# Getting the message out!



## DesertRat (Aug 6, 2014)

Here's the short of it:
I recently started a radio show. It's Internet media. It's for one hour a week. It's live (usually), and unscripted/unrehearsed (always).
It's called Totally Random Radio. Website is www.tr-radio.com.
Yes, it's a legit show. Supporting Indie artists, and people who deserve to be heard.
Next episode is gonna (hopefully) be an interview with Matt Derrick!

If you have questions for him, post em here, and there's a damn good chance they'll get asked and answered on the air.


----------



## Tude (Aug 7, 2014)

oooOOooo questions for Matt you say ...






hehe j/k - Good luck on the show!


----------



## DesertRat (Aug 7, 2014)

Thanks!


----------



## Cree (Aug 7, 2014)

Clicked the link, loved the background picture!!! Easy to navigate website. Rat, much success to you on this endeavor!!!!


----------



## DesertRat (Aug 7, 2014)

Cree said:


> Clicked the link, loved the background picture!!! Easy to navigate website. Rat, much success to you on this endeavor!!!!



Thanks for the compliments! 

That pic was taken about 50 feet away from my current roof. 

Yeah, that's my headphones and mic/stand.


----------



## DesertRat (Aug 7, 2014)

Listen up! 

Interview with Matt going down at 1900 hours PST tonight. 

Questions or comments? Post em up!


----------



## Cree (Aug 7, 2014)

Got a few... Does Matt collect lint from his belly button? Is it true that Matt is so smart that he knows the unknown soldier's mother's maiden name? kidding aside, Just want you to ask Matt who his hero/inspiration is? Rat, by chance i can't listen tonight, i can d/l it later? I think i saw that on your webpage?


----------



## DesertRat (Aug 7, 2014)

Cree said:


> Got a few... Does Matt collect lint from his belly button? Is it true that Matt is so smart that he knows the unknown soldier's mother's maiden name? kidding aside, Just want you to ask Matt who his hero/inspiration is? Rat, by chance i can't listen tonight, i can d/l it later? I think i saw that on your webpage?



Actually, nobody can listen tonight, as this interview will be prerecorded. Would have preferred to do a live interview on Sunday, but his schedule doesn't agree with that.
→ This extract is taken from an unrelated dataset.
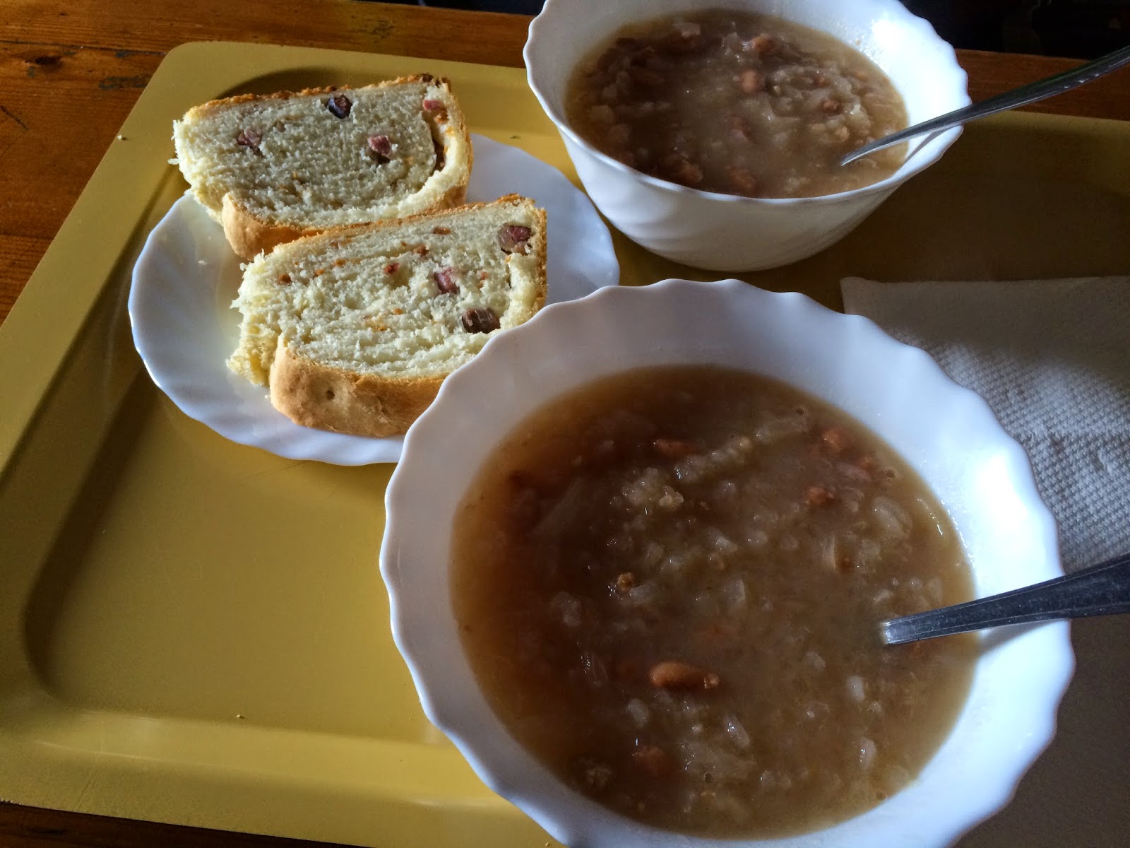 Koča na Poreznu je pozimi odprta za vikende in postrežejo vam z domačimi dobrotami. Midva sva se okrepčala z joto ter domačo ocvikovko. Njami…

Yes, definitely the show will be available for download a day or two after the show.


----------



## DesertRat (Aug 9, 2014)

Okay folks, the interview with Matt last night was fucking awesome! 

In spite of the time mark mentioned in the broadcast, it's only about 47 or so minutes, but every minute is worth listening to.
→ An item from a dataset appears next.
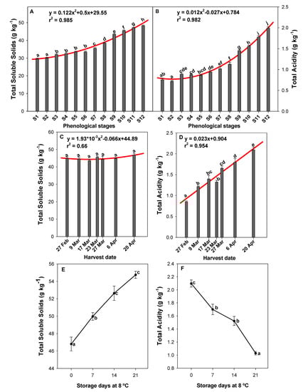 2.4. The Effect of the Phenological Stage, Harvest Date, and Postharvest Storage on Total Soluble Solids (TSS) and Total Acidity (TA)
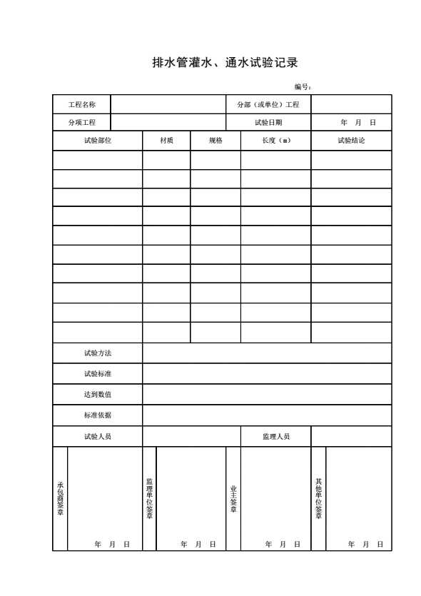 表格名称:排水管灌水、通水试验记录

To help fill in some of the missing time (it's _supposed to be_ an hour, more or less), I'll be throwing in an old, OLD song in the beginning as an extra shout out to those who just can't stay in one place (read as, damn near every one of us on this site).

If you can't catch the show this Sunday night, I'll post up a link here Monday or Tuesday where you can listen to it, or even download it if you like.


----------



## DesertRat (Aug 10, 2014)

Hey! Tonight's the night. 8 p.m. PST is the time. 

If you have the means, please help support Matt by going to www.tmvcafe.com, clicking on "radio", and hanging out for a few.

If you can't do that, it's totally understandable. There will be a couple of ways to check out the episode most likely around 10 p.m., and they will be at www.tr-radio.com.


----------



## DesertRat (Aug 11, 2014)

Yo! Interview is up! Check it out at the link I put in the post above this. It'll be plainly obvious which one it is.


----------



## Cree (Aug 11, 2014)

Rat

Still cracking up about the interview hahahaha. KUDOS , excellent job by you! I will be a listener till i take my last breath. excellent job by MD also , Wild Bill rules!!!!


----------



## DesertRat (Aug 11, 2014)

Thanks so much for the kudos, Cree! 

My only hope was to do MD and the community justice.

Hopefully that was the end result.


----------



## Matt Derrick (Aug 16, 2014)

sounds great man, thanks!!!


----------



## DesertRat (Aug 16, 2014)

Glad you like it!


----------



## DesertRat (Sep 1, 2014)

Craig:

PM sent.


----------